EXERCISE DIRECTIONS → Where the data below shows a picture, leave that picture out and copy the rest exactly.

DATASET EXTRACT →
Start of Block

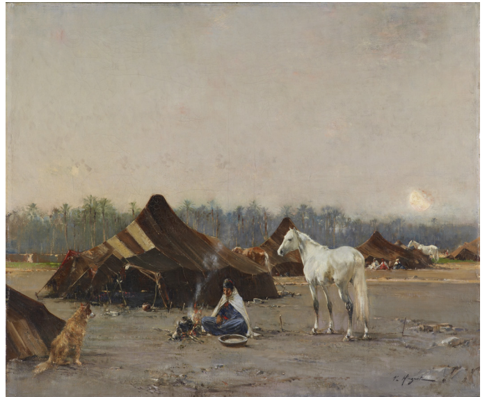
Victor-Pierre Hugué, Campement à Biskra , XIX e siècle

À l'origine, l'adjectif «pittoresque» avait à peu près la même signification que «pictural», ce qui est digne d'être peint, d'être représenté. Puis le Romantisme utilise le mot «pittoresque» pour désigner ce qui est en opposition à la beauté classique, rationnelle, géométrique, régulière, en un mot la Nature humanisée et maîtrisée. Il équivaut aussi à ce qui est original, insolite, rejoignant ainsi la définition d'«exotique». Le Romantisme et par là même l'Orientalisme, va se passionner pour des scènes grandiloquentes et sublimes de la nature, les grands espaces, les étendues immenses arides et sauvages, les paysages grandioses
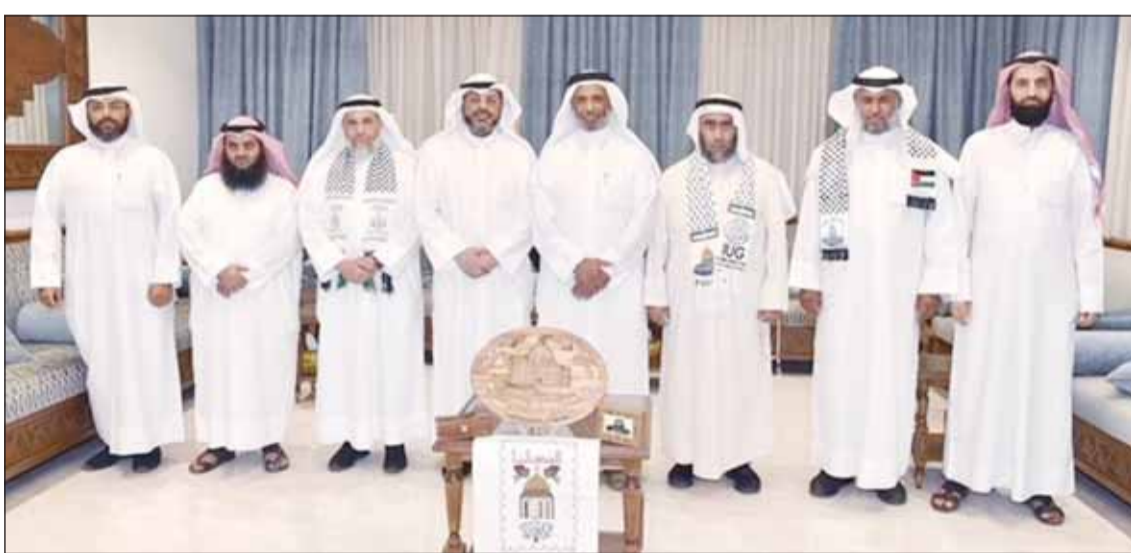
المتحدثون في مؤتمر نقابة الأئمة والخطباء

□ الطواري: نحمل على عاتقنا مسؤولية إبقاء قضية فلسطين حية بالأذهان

End of Block

FINISHED EXERCISE →
Victor-Pierre Hugué, Campement à Biskra , XIX e siècle

À l'origine, l'adjectif «pittoresque» avait à peu près la même signification que «pictural», ce qui est digne d'être peint, d'être représenté. Puis le Romantisme utilise le mot «pittoresque» pour désigner ce qui est en opposition à la beauté classique, rationnelle, géométrique, régulière, en un mot la Nature humanisée et maîtrisée. Il équivaut aussi à ce qui est original, insolite, rejoignant ainsi la définition d'«exotique». Le Romantisme et par là même l'Orientalisme, va se passionner pour des scènes grandiloquentes et sublimes de la nature, les grands espaces, les étendues immenses arides et sauvages, les paysages grandioses
المتحدثون في مؤتمر نقابة الأئمة والخطباء

□ الطواري: نحمل على عاتقنا مسؤولية إبقاء قضية فلسطين حية بالأذهان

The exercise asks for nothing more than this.